-- Material supplied follows --

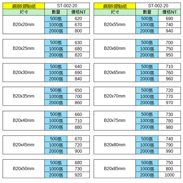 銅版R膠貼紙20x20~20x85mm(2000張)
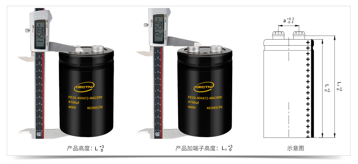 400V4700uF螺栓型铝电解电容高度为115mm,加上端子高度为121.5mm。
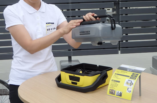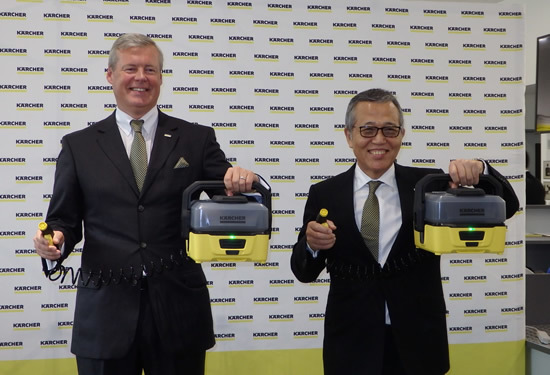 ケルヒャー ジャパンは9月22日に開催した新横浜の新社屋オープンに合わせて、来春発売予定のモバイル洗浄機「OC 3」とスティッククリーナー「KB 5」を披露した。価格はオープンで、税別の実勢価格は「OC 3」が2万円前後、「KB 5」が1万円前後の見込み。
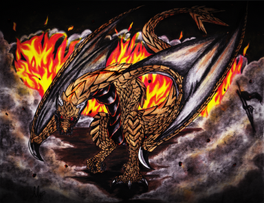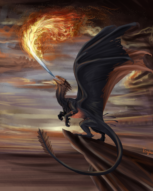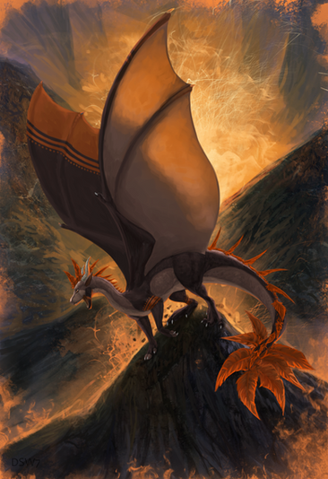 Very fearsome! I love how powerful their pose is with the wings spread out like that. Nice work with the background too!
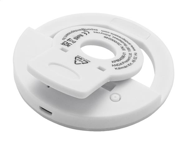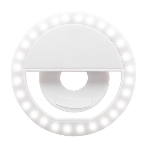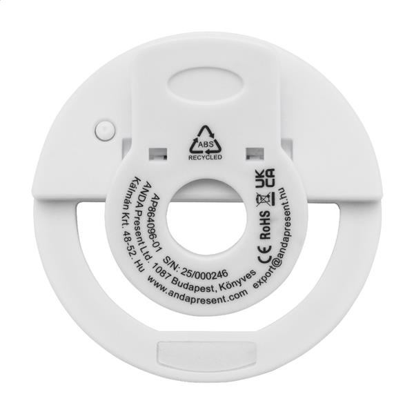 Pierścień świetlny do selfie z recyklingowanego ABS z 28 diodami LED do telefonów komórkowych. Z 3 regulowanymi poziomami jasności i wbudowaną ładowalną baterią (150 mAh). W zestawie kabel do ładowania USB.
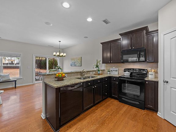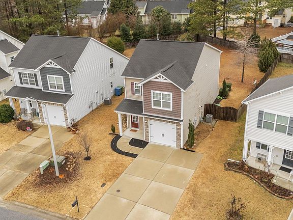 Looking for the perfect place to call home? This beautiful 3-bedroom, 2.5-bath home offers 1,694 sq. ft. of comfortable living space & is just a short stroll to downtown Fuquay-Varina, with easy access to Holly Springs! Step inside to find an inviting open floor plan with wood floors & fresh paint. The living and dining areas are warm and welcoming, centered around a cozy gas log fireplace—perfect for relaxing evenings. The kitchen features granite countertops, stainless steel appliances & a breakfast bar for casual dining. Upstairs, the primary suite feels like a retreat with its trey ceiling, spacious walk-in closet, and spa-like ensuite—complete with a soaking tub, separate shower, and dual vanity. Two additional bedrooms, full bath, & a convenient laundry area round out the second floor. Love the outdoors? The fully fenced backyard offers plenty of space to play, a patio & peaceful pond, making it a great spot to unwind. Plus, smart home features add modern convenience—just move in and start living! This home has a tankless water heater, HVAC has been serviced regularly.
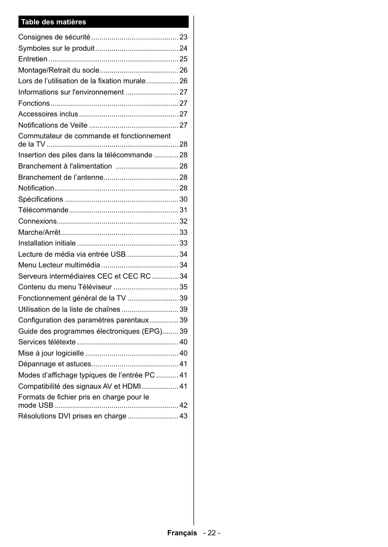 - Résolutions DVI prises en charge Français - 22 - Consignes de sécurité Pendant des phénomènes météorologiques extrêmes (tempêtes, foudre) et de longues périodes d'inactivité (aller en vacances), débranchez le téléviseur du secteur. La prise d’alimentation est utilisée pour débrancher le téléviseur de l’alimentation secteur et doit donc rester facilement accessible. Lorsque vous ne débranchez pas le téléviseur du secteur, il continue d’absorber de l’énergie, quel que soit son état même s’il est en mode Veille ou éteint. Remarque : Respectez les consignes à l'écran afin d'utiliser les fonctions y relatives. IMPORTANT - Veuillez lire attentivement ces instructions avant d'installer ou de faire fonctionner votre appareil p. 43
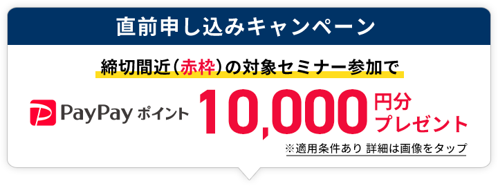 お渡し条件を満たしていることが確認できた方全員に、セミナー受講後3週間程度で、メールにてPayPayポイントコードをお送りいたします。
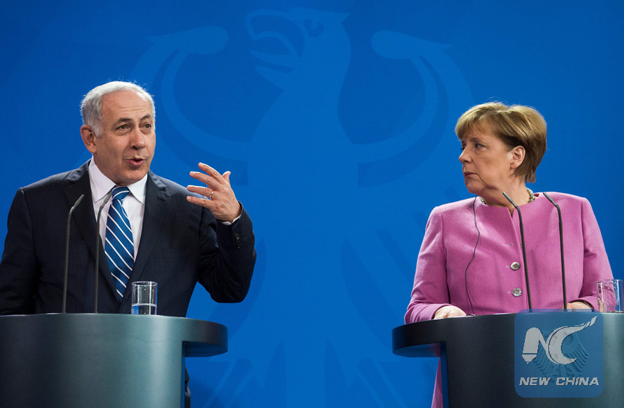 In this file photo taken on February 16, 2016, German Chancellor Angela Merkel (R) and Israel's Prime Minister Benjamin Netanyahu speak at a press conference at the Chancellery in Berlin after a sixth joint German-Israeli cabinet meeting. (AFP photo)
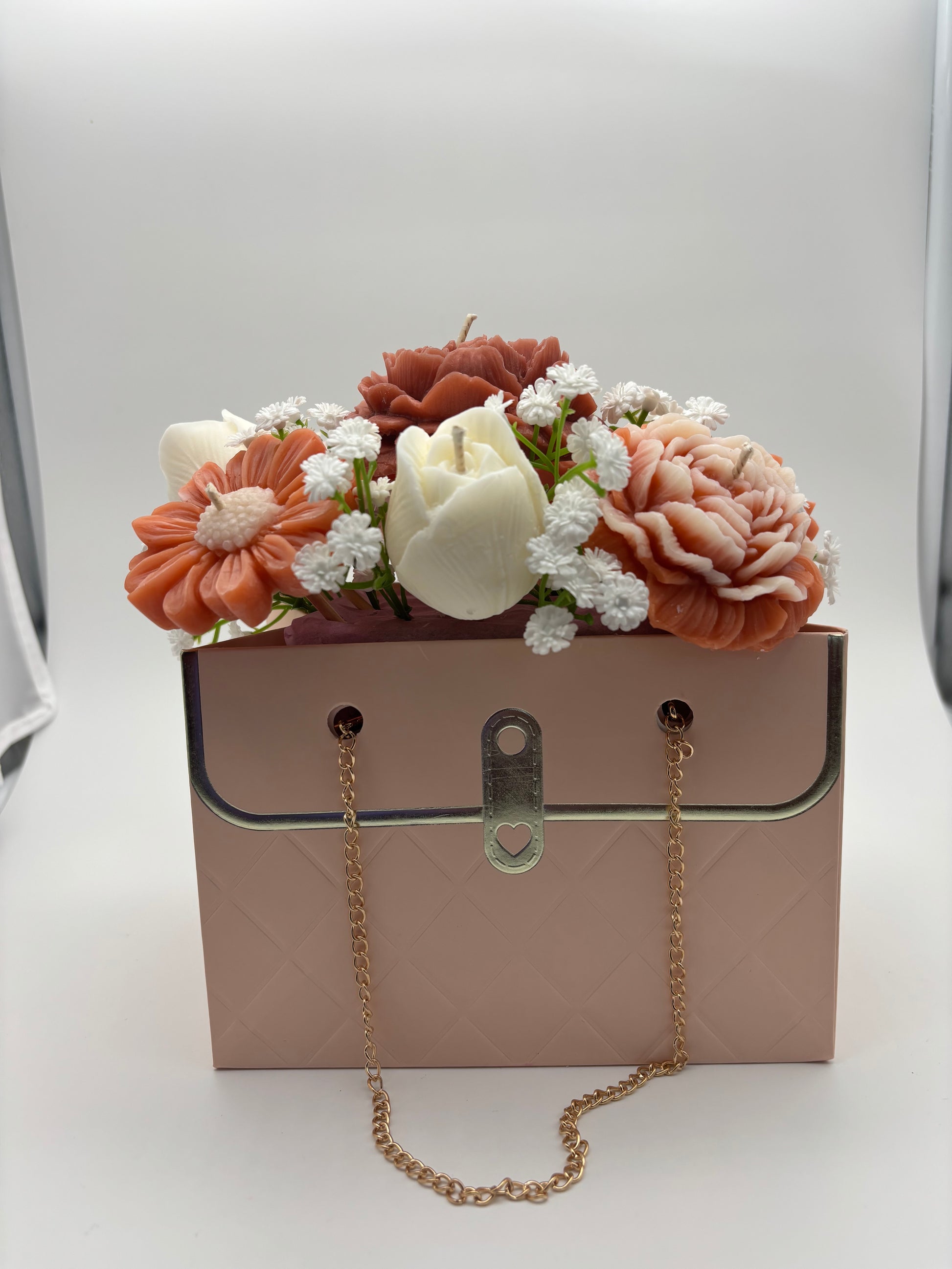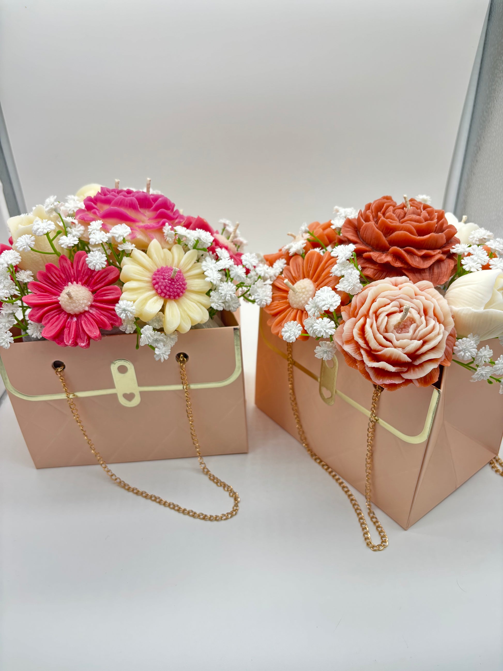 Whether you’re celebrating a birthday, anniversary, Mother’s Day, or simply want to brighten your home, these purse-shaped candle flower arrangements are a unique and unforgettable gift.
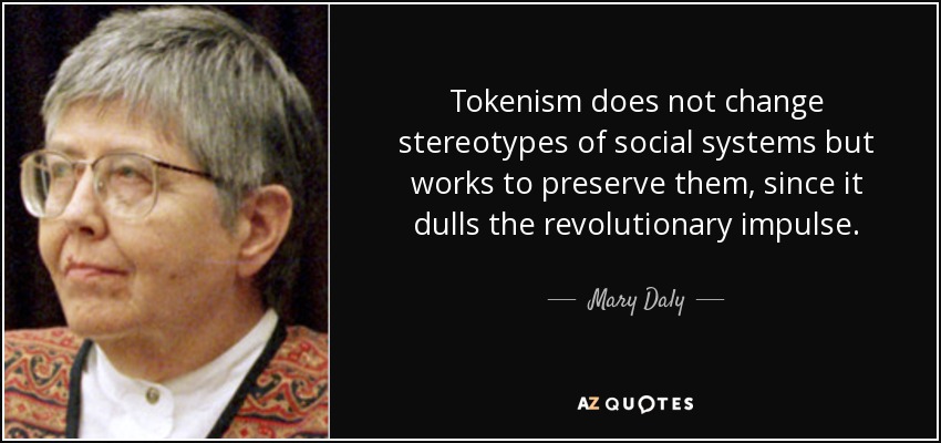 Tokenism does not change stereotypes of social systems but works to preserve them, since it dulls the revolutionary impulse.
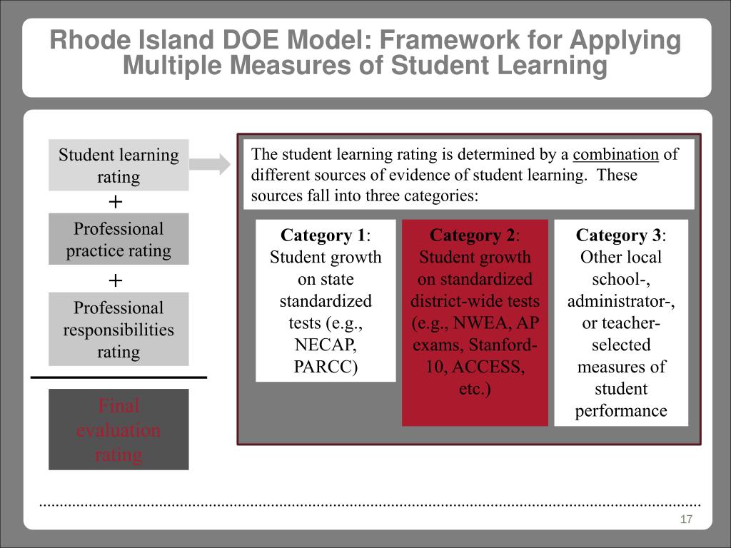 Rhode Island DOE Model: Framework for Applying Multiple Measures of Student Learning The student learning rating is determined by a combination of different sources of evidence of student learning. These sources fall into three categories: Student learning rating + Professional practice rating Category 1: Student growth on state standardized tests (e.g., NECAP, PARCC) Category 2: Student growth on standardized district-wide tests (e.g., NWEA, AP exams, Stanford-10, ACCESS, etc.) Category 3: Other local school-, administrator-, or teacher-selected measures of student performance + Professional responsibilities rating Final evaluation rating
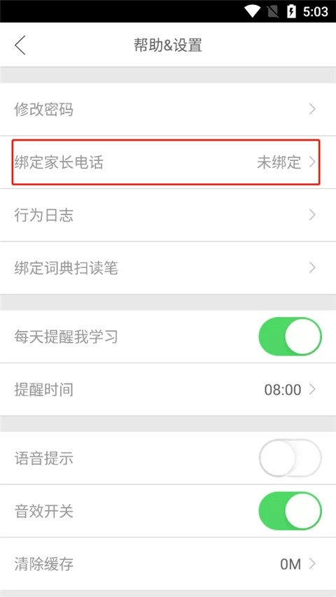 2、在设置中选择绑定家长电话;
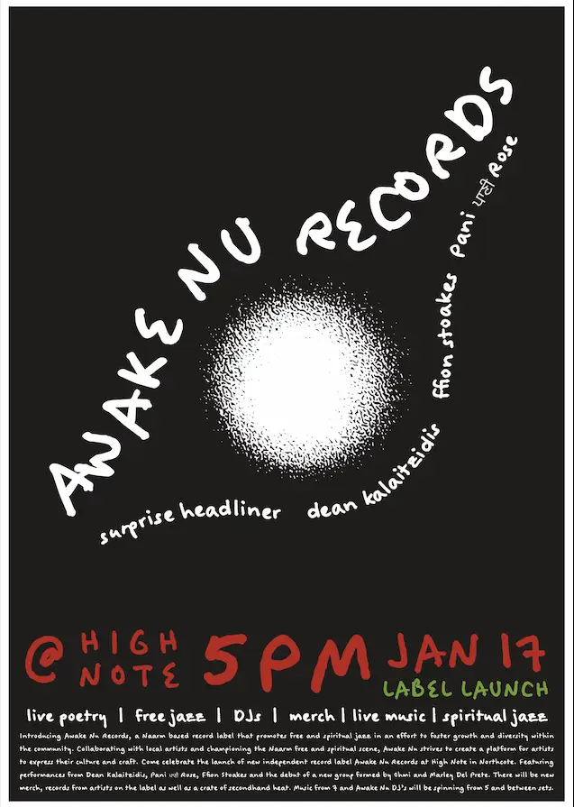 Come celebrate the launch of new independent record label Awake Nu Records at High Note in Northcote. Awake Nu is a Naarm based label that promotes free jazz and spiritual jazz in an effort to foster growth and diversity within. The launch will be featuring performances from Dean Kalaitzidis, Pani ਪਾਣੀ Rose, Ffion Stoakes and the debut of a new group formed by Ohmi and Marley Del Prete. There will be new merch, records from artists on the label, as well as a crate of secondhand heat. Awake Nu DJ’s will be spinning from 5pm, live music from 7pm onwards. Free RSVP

-- Material supplied concluded --

§ Problem to solve
Leaving out the images, return the entries above exactly as they read.

§ Worked solution
 銅版R膠貼紙20x20~20x85mm(2000張)
 400V4700uF螺栓型铝电解电容高度为115mm,加上端子高度为121.5mm。
 ケルヒャー ジャパンは9月22日に開催した新横浜の新社屋オープンに合わせて、来春発売予定のモバイル洗浄機「OC 3」とスティッククリーナー「KB 5」を披露した。価格はオープンで、税別の実勢価格は「OC 3」が2万円前後、「KB 5」が1万円前後の見込み。
 Very fearsome! I love how powerful their pose is with the wings spread out like that. Nice work with the background too!
 Pierścień świetlny do selfie z recyklingowanego ABS z 28 diodami LED do telefonów komórkowych. Z 3 regulowanymi poziomami jasności i wbudowaną ładowalną baterią (150 mAh). W zestawie kabel do ładowania USB.
 Looking for the perfect place to call home? This beautiful 3-bedroom, 2.5-bath home offers 1,694 sq. ft. of comfortable living space & is just a short stroll to downtown Fuquay-Varina, with easy access to Holly Springs! Step inside to find an inviting open floor plan with wood floors & fresh paint. The living and dining areas are warm and welcoming, centered around a cozy gas log fireplace—perfect for relaxing evenings. The kitchen features granite countertops, stainless steel appliances & a breakfast bar for casual dining. Upstairs, the primary suite feels like a retreat with its trey ceiling, spacious walk-in closet, and spa-like ensuite—complete with a soaking tub, separate shower, and dual vanity. Two additional bedrooms, full bath, & a convenient laundry area round out the second floor. Love the outdoors? The fully fenced backyard offers plenty of space to play, a patio & peaceful pond, making it a great spot to unwind. Plus, smart home features add modern convenience—just move in and start living! This home has a tankless water heater, HVAC has been serviced regularly.
 - Résolutions DVI prises en charge Français - 22 - Consignes de sécurité Pendant des phénomènes météorologiques extrêmes (tempêtes, foudre) et de longues périodes d'inactivité (aller en vacances), débranchez le téléviseur du secteur. La prise d’alimentation est utilisée pour débrancher le téléviseur de l’alimentation secteur et doit donc rester facilement accessible. Lorsque vous ne débranchez pas le téléviseur du secteur, il continue d’absorber de l’énergie, quel que soit son état même s’il est en mode Veille ou éteint. Remarque : Respectez les consignes à l'écran afin d'utiliser les fonctions y relatives. IMPORTANT - Veuillez lire attentivement ces instructions avant d'installer ou de faire fonctionner votre appareil p. 43
 お渡し条件を満たしていることが確認できた方全員に、セミナー受講後3週間程度で、メールにてPayPayポイントコードをお送りいたします。
 In this file photo taken on February 16, 2016, German Chancellor Angela Merkel (R) and Israel's Prime Minister Benjamin Netanyahu speak at a press conference at the Chancellery in Berlin after a sixth joint German-Israeli cabinet meeting. (AFP photo)
 Whether you’re celebrating a birthday, anniversary, Mother’s Day, or simply want to brighten your home, these purse-shaped candle flower arrangements are a unique and unforgettable gift.
 Tokenism does not change stereotypes of social systems but works to preserve them, since it dulls the revolutionary impulse.
 Rhode Island DOE Model: Framework for Applying Multiple Measures of Student Learning The student learning rating is determined by a combination of different sources of evidence of student learning. These sources fall into three categories: Student learning rating + Professional practice rating Category 1: Student growth on state standardized tests (e.g., NECAP, PARCC) Category 2: Student growth on standardized district-wide tests (e.g., NWEA, AP exams, Stanford-10, ACCESS, etc.) Category 3: Other local school-, administrator-, or teacher-selected measures of student performance + Professional responsibilities rating Final evaluation rating
 2、在设置中选择绑定家长电话;
 Come celebrate the launch of new independent record label Awake Nu Records at High Note in Northcote. Awake Nu is a Naarm based label that promotes free jazz and spiritual jazz in an effort to foster growth and diversity within. The launch will be featuring performances from Dean Kalaitzidis, Pani ਪਾਣੀ Rose, Ffion Stoakes and the debut of a new group formed by Ohmi and Marley Del Prete. There will be new merch, records from artists on the label, as well as a crate of secondhand heat. Awake Nu DJ’s will be spinning from 5pm, live music from 7pm onwards. Free RSVP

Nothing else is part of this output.